Mücadele bütün Datça kıyıları için

Ülkedeki kıyılar özel işletmeler tarafından işgal edilerek halkın ücretsiz kullanımına kapatılıyor. Şezlongsuz Datça İnisiyatifi, Datça’da kıyıların hukuksuz bir şekilde kiralanmasına karşı geçen yıldan beri mücadele ediyor.

Berkay SAĞOL 

Ege kıyıları başta MUÇEV olmak üzere özel işletmeler tarafından hızla işgal edilerek halka kapatılıyor. 

Anayasa ve kıyı kanununa göre halkın kullanımına açık olması gereken koylar ve plajlar özel işletmeler tarafından kiralanarak veya işgal edilerek halkın ücretsiz kullanımına kapatılıyor.

Muğla Datça’da Şezlongsuz Datça İnisiyatifi kıyılar için mücadelesini sürdürüyor.

İşgale karşı kıyıları savunan bütün sivil toplum kuruluşlarıyla dayanışma içinde olduklarını belirten Şezlongsuz Datça İnisiyatifi’nden Sedat Yağcıoğlu, “Datça kıyılarının işgali özellikle MUÇEV’in kiralamalarıyla başladı, Çevre Şehircilik İklim Değişikliği Bakanlığı ile kıyılar sermayeye teslim edildi. En son Özbel sahilindeki plajın bakanlık tarafından bir işletmeye kiralanmasıyla dayanılmaz boyuta ulaştı, artık işgale dur demenin ve karşı hat oluşturmanın gerekliliği doğdu. Özbel’deki işgalin ilk gününde plaja yapılan platformu kaldırmak için Datçalılar toplanarak platformun kaldırılmasını sağladı. Orada yapılan ilk toplantıda da Şezlongsuz Datça İnisiyatifi kuruldu. O günden bu güne aralıksız nöbetler, şenlikler, eylemler ile her türlü baskı ve soruşturmaya rağmen kıyı mücadelemiz tüm Datça kıyıları için devam ediyor” dedi.  
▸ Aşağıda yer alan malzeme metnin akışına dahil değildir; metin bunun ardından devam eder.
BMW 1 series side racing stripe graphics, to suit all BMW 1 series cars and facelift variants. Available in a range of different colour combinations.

Şubat ayında Palamutbükü’nde bulunan denize sıfır özel çevre koruma bölgesi ve doğal sit alanı olan iki parselin günübirlik alan işletmeciliğine 3 yıllığına kiralandığı ortaya çıktı.  
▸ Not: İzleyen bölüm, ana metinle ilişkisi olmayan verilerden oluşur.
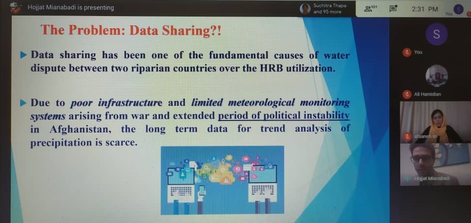 در ابتدا دکتر میان آبادی با تاکید بر مباحث مدیریت آب و چالش های پیش روی آن به مشکلات آب در خاورمیانه اشاره کردند. ایشان بیان داشتند که در خصوص مدیریت مباحث آب دچار بی اعتمادی بین مردم هستیم و این امر امکان مدیریت صحیح آب را سخت و دشوار میکند. رودخانه هرمان و دریاچه هامون از مواردی است که ایران و افغانستان در مورد آنها اختلاف نظر زیادی دارند. به عقیده ایشان برای حل این مشکل بایستی از سنجش از دور جهانی استفاده شود.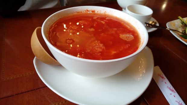 Говядина и томаты — вот и всё, что есть в супе, в чём, собственно, и заключается вся его прелесть. Помидоры были прекрасны: они придавали супу чудесный естественный летний и сочный вкус. Но жуткие сальные шматки говядины портили всё впечатление.

Yeni belediye yönetiminin, kıyı işgalleri konusunda yetkilerini kullanmasını umduklarını belirten Yağcıoğlu, “Kıyılar mal olmadığı için kiralanamaz, bu hukuken de böyle. Kamu yararına kullanılmak zorunda olduğunu belirttik. Kamu bütün Datçalılardır; bütün Datçalıların temsilcisi sayılan belediye de bunu göz önüne almak zorunda. Buna karşı çıkmak, ‘Ben Anayasa tanımam, Türkiye çadır devleti olsun’ demekle aynı şey. Halkın büyük bölümü son yerel seçimlerde Türkiye’nin kuralsız yönetilmesine razı olmadığını, olmayacağını gösterdi” dedi.  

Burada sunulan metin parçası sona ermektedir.